In the analysis, every parameter that influences the economic value, can be incorporated into either the free cash flows or the cost of capital. The operational expectations should ideally be included in the numerator (free cash flows) of the present value equation (Eq1) and the financial expectations in the denominator (cost of capital). This mutual exclusive approach would avoid the risk of double counting3.
The cost of capital for biotechnology is an average value with an uncertainty distribution, which means that cost of capital may vary based on company specific features. Biotechnology companies are smaller companies and therefore a small firm premium may be added. The discount rate usually decreases as the maturity of the company increases15. The cost of capital should not be based on the expectations at the time of the reimbursement application, but rather on the expectations at the time of investment.
The introduction of innovation is a unique one-time event, whereas retrospective statistical data on treatment patterns relate to the health care setting in the past. The actual use of an innovation refers to the future3. Therefore any existing statistical data should be considered with caution when making a sales forecast and therefore requires validation, especially regarding the applicability of the existing data for an appropriate forecast.

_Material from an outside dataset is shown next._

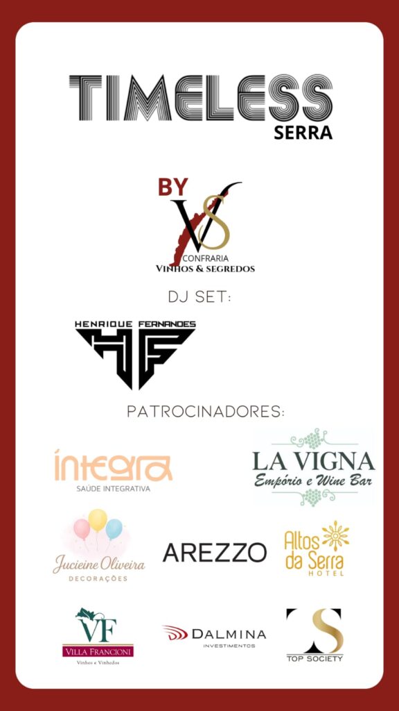A Serra Catarinense se prepara para receber um evento que promete unir sofisticação, música e memória afetiva. No dia 8 de novembro de 2025, a vinícola Villa Francioni, em São Joaquim (SC), será palco da festa Timeless Serra, que celebra os dois anos da Confraria Vinhos & Segredos de Lages.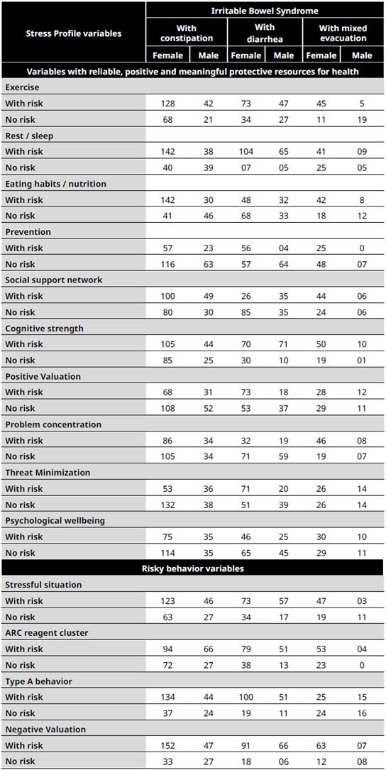 On the other hand, the SP variables considered risky behavior with IBS frequency and that posed a risky situation were: stressful situations 67% (349), ARC reagent cluster 66% (347), type A behavior 75% (389) and negative valuation 80% (416). Table 2 shows the distribution of each IBS type and each gender.

The efficacy from randomized clinical registration trials may not be representative of the effectiveness of the intervention in the actual target patient population16. The efficacy of a new medicinal product in daily practice may be different than the clinical trial data16, which may have an impact on the sales forecast, since a lower efficacy may lead to a higher discontinuation rate and lower actual sales.
In business economics, uncertainty reflects a property, because humans cannot predict the future (uncertainty is the observation that the future is not known), whereas risk is the probability that an actual event will occur, and in valuation is the probability that the materialization deviates from the expectation and as a consequence can be calculated (risk is assigning quantitative probabilities to alternative future outcomes)3. Therefore risk corresponds with statistical distributions of input variables and uncertainty in business economics corresponds partially with uncertainty due to assumptions for the model, but it also may include unknown future changes. Standard sensitivity analyses can be applied to risk, whereas scenario analyses are more appropriate for uncertainty.
The substitution effect and the gain in QALYs of a new medicine are not included the Discounted Cash Flow method. However investors have multiple functions. They are not only professional investors, but also insured citizens. Economics is not only about money. People act because they want to achieve a more preferable position of situation. Therefore the decision making process does not only include economic attributes but also other values, e.g. social values. As a result, substitution effect and the gain in QALYs may already be partially included in the current financial valuation from am investor’s perspective.
The Discounted Cash Flow method has not been formally used until now by health technology assessors, although this method has been used for many decades in the financial world. The budget impact analyses by health technology assessors essentially include the revenue aspects of Discounted Cash Flow method, but these analyses do not include the costs of R&D and the appropriate cost of capital, and are only performed over a limited time horizon of 3 to 5 years.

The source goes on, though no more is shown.